What is needed: Please transcribe every record below exactly, leaving out the pictures.

The data:
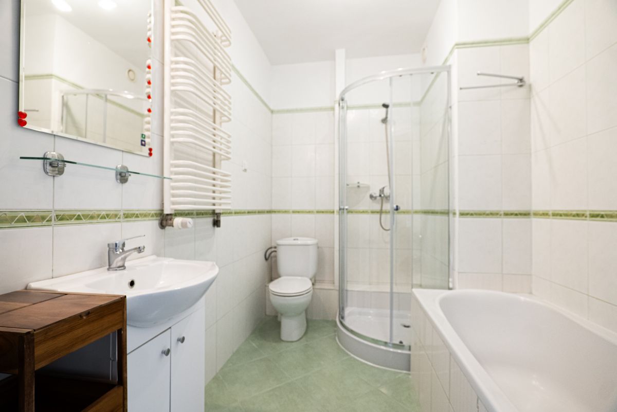 • Rozkład pomieszczeń: apartament składa się z otwartej powierzchni: salonu i części kuchennej, oddzielnej, kameralnej sypialni oraz przestronnej łazienki. Wszystkie te pomieszczenia zostały odświeżonei pomalowne, co pozwoli najemcy cieszyć się w pełni ich funkcjonalnością
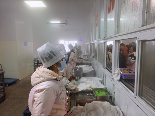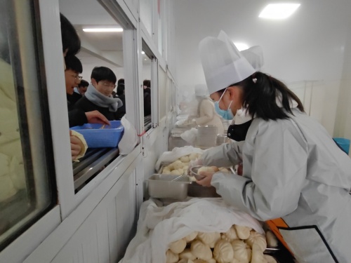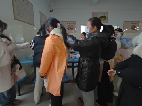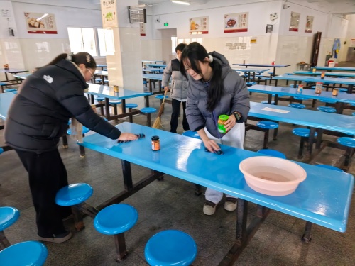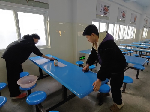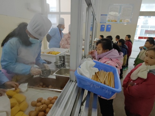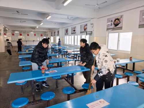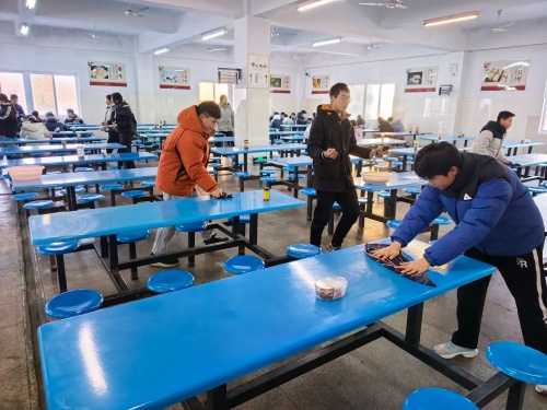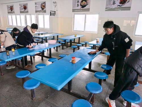 八年级的同学们则承担起售卖和打扫卫生的任务。售卖区前,洗手消毒并佩戴好手套和口罩的他们,熟练地为同学们打早餐,还不忘贴心叮嘱“小心烫手”。用餐结束后,大家迅速切换成“清洁小分队”,拿起抹布、扫帚和盆,分工清理餐桌油污、收拾餐盘碗筷、打扫地面残渣,大家齐心协力,让食堂很快恢复了整洁清爽的模样。
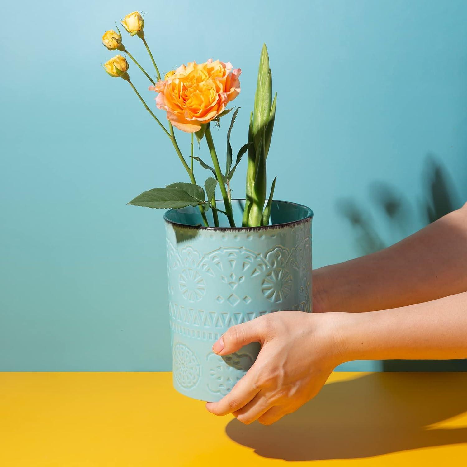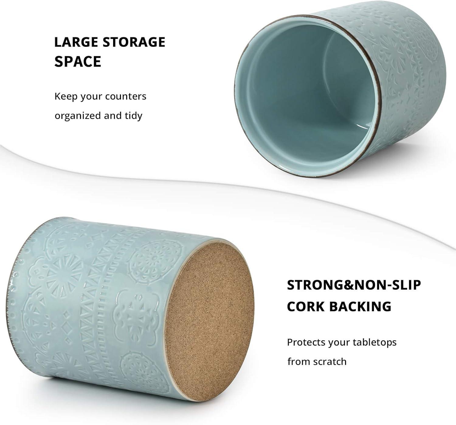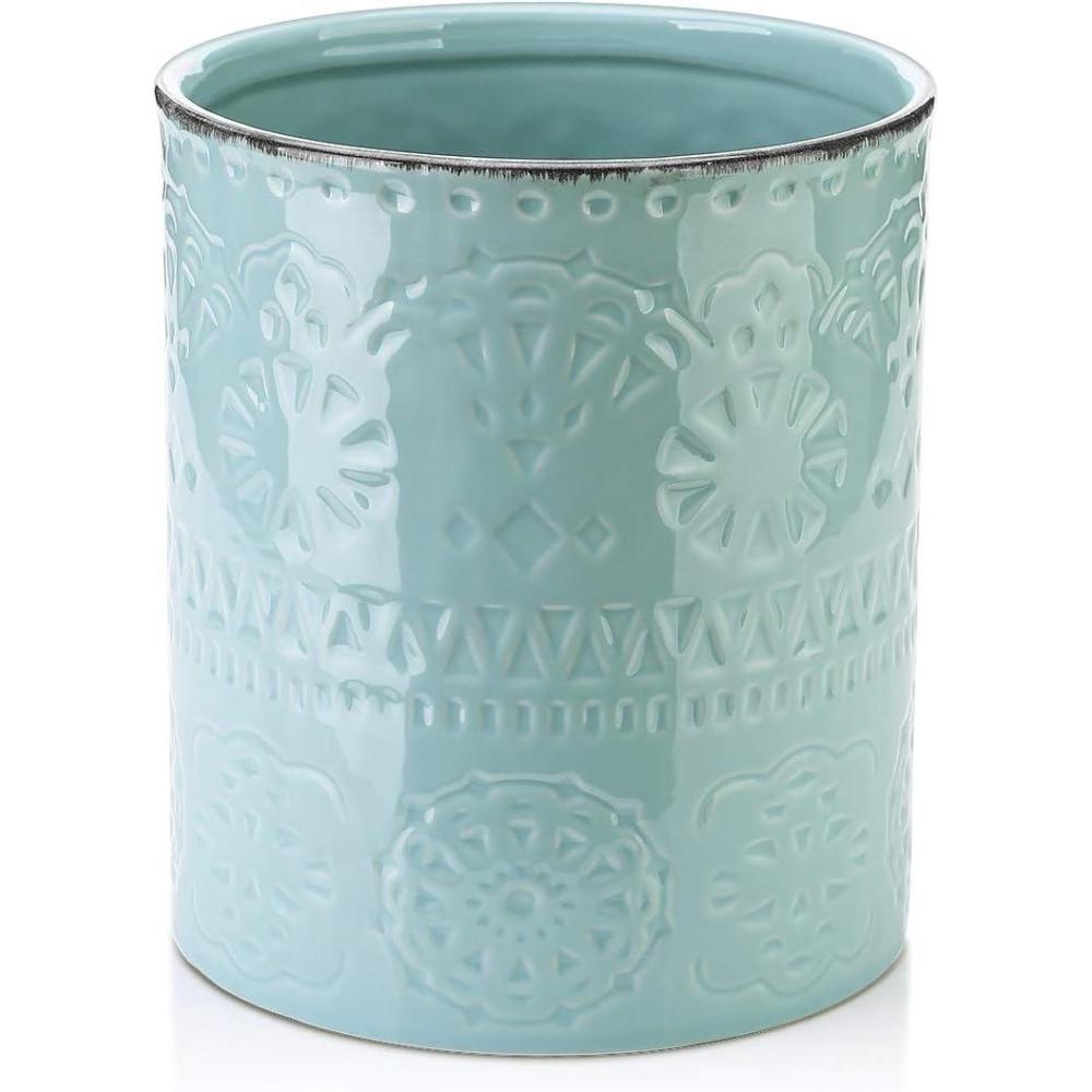 Farmhouse Style Fitting Any Home Déco:This classic farmhouse utensil holder with embossed style adds a vintage touch to your home décor. And it is a splash of color to your countertop.(Utensil holder for kitchen counter)
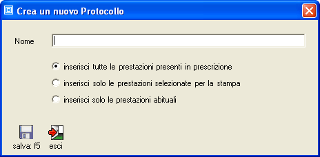 premendo il pulsante [protocollo] nella scheda Terapia si apre la maschera Crea un nuovo protocollo
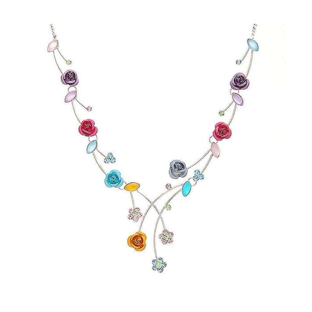 Multi-color Rose Necklace with Multi-color Austrian Crystals
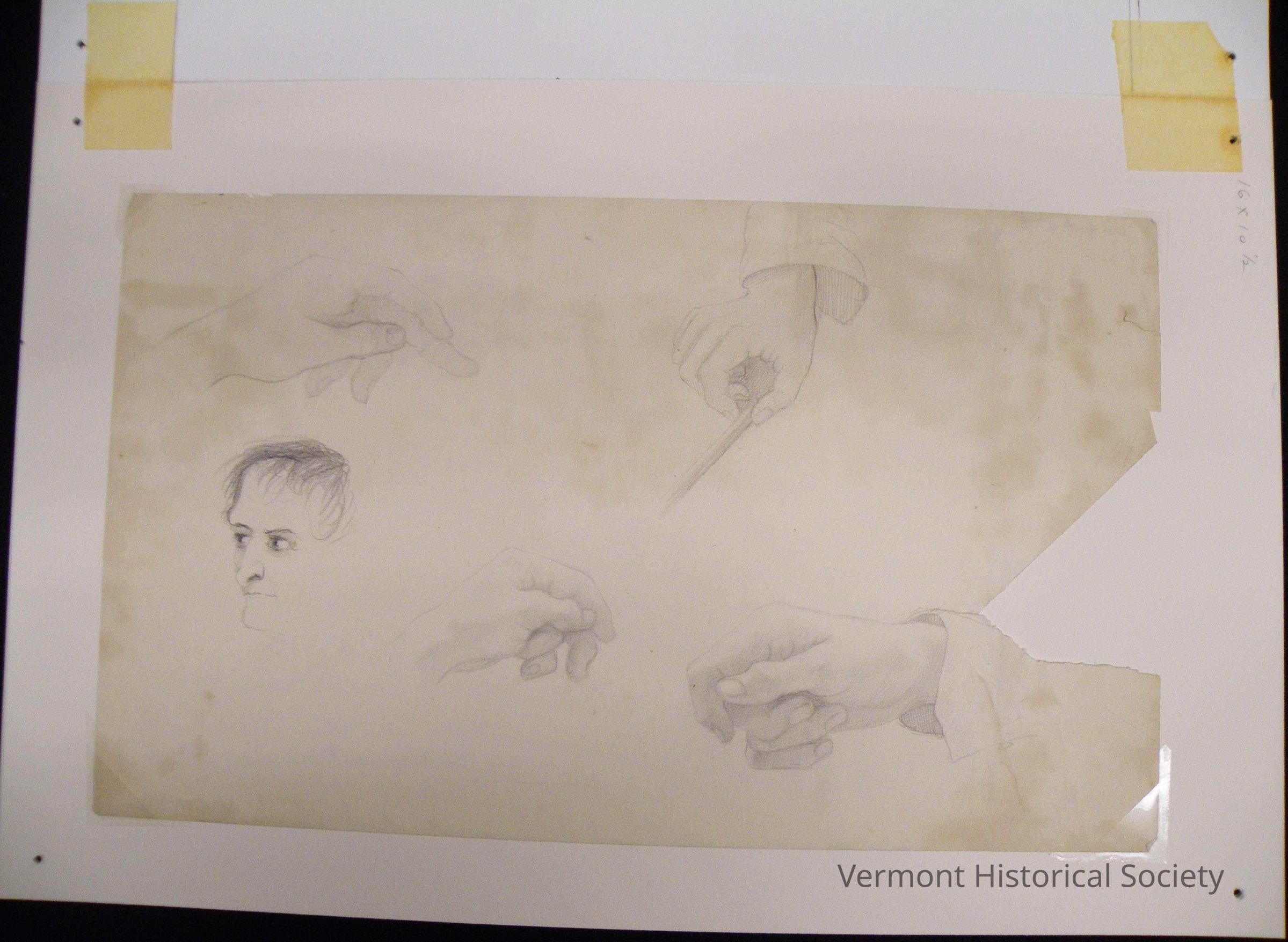 Small, rectangular piece of paper on which are 4 detailed studies of hands, fully shaded, and 1 study of a face.Acquisition
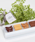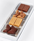 Amber Miniature-gaveæsken byder på en verden af velsmag i fire varianter. De små elegante stykker fyldte chokolader er alle omsluttet af vores forskellige Amber-varianter: Classic, Blond og Noir. Æsken byder på en verden af velsmag i form af blandt andet fleur d'orange praliné, vanilje, karamel, forfriskende mynte eller lakrids.
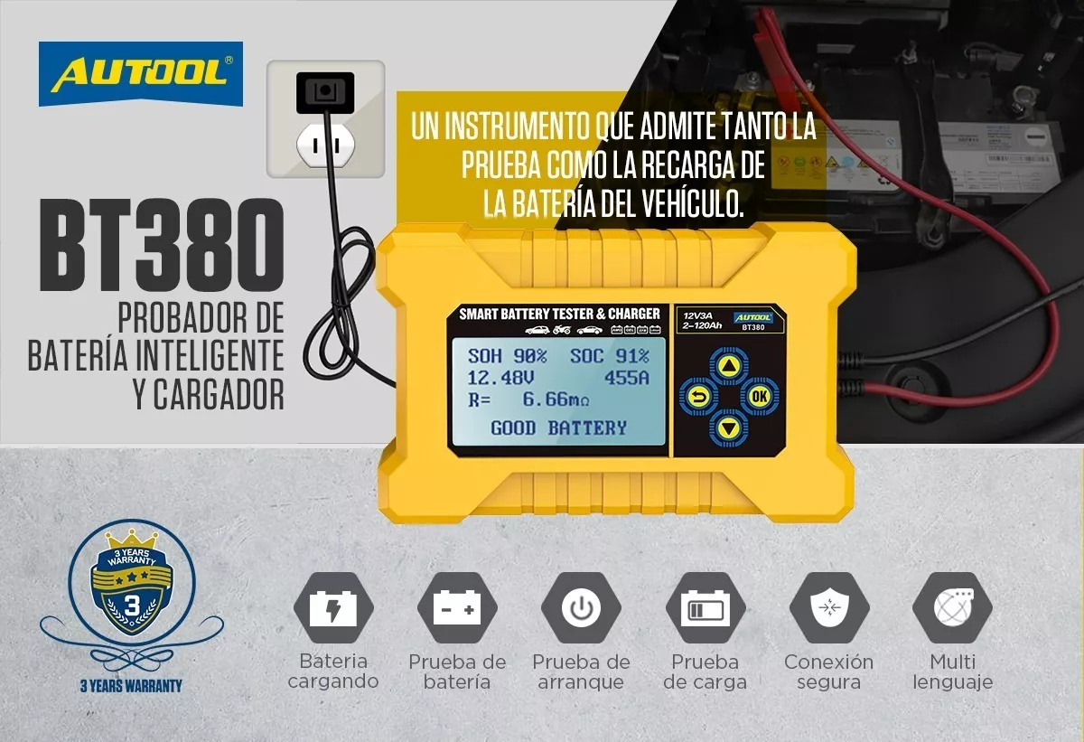 Autool BT380: Probador y Cargador Inteligente de Baterías 12V
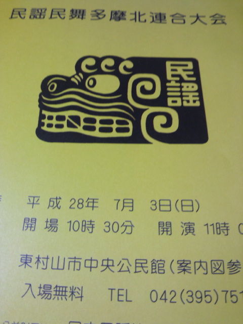 今度の日曜日でもある7月3日(日)には平成28年度 公益財団法人日本民謡協会 民謡民舞多摩北連合大会が開催されます♪
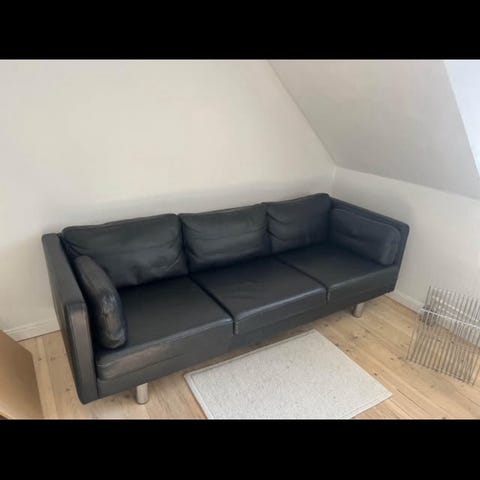 Pæne men brugte lædersofaer med træstel. Særlig en pude er medtaget - se billede.
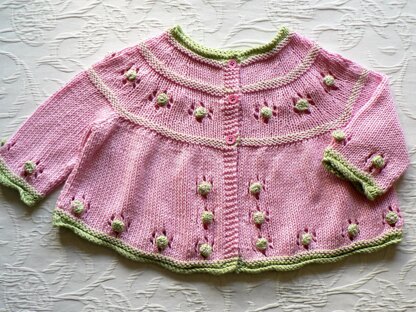 A dainty cardigan for a baby girl, featuring a lacy flower border & contrasting scalloped edging. Worked in Sirdar Snuggly Baby Bamboo DK, the pattern is in PDF format on 6 pages, with instructions in two sizes, to suit ages 0 – 12 months.

Result for this exercise:
 • Rozkład pomieszczeń: apartament składa się z otwartej powierzchni: salonu i części kuchennej, oddzielnej, kameralnej sypialni oraz przestronnej łazienki. Wszystkie te pomieszczenia zostały odświeżonei pomalowne, co pozwoli najemcy cieszyć się w pełni ich funkcjonalnością
 八年级的同学们则承担起售卖和打扫卫生的任务。售卖区前,洗手消毒并佩戴好手套和口罩的他们,熟练地为同学们打早餐,还不忘贴心叮嘱“小心烫手”。用餐结束后,大家迅速切换成“清洁小分队”,拿起抹布、扫帚和盆,分工清理餐桌油污、收拾餐盘碗筷、打扫地面残渣,大家齐心协力,让食堂很快恢复了整洁清爽的模样。
 Farmhouse Style Fitting Any Home Déco:This classic farmhouse utensil holder with embossed style adds a vintage touch to your home décor. And it is a splash of color to your countertop.(Utensil holder for kitchen counter)
 premendo il pulsante [protocollo] nella scheda Terapia si apre la maschera Crea un nuovo protocollo
 Multi-color Rose Necklace with Multi-color Austrian Crystals
 Small, rectangular piece of paper on which are 4 detailed studies of hands, fully shaded, and 1 study of a face.Acquisition
 Amber Miniature-gaveæsken byder på en verden af velsmag i fire varianter. De små elegante stykker fyldte chokolader er alle omsluttet af vores forskellige Amber-varianter: Classic, Blond og Noir. Æsken byder på en verden af velsmag i form af blandt andet fleur d'orange praliné, vanilje, karamel, forfriskende mynte eller lakrids.
 Autool BT380: Probador y Cargador Inteligente de Baterías 12V
 今度の日曜日でもある7月3日(日)には平成28年度 公益財団法人日本民謡協会 民謡民舞多摩北連合大会が開催されます♪
 Pæne men brugte lædersofaer med træstel. Særlig en pude er medtaget - se billede.
 A dainty cardigan for a baby girl, featuring a lacy flower border & contrasting scalloped edging. Worked in Sirdar Snuggly Baby Bamboo DK, the pattern is in PDF format on 6 pages, with instructions in two sizes, to suit ages 0 – 12 months.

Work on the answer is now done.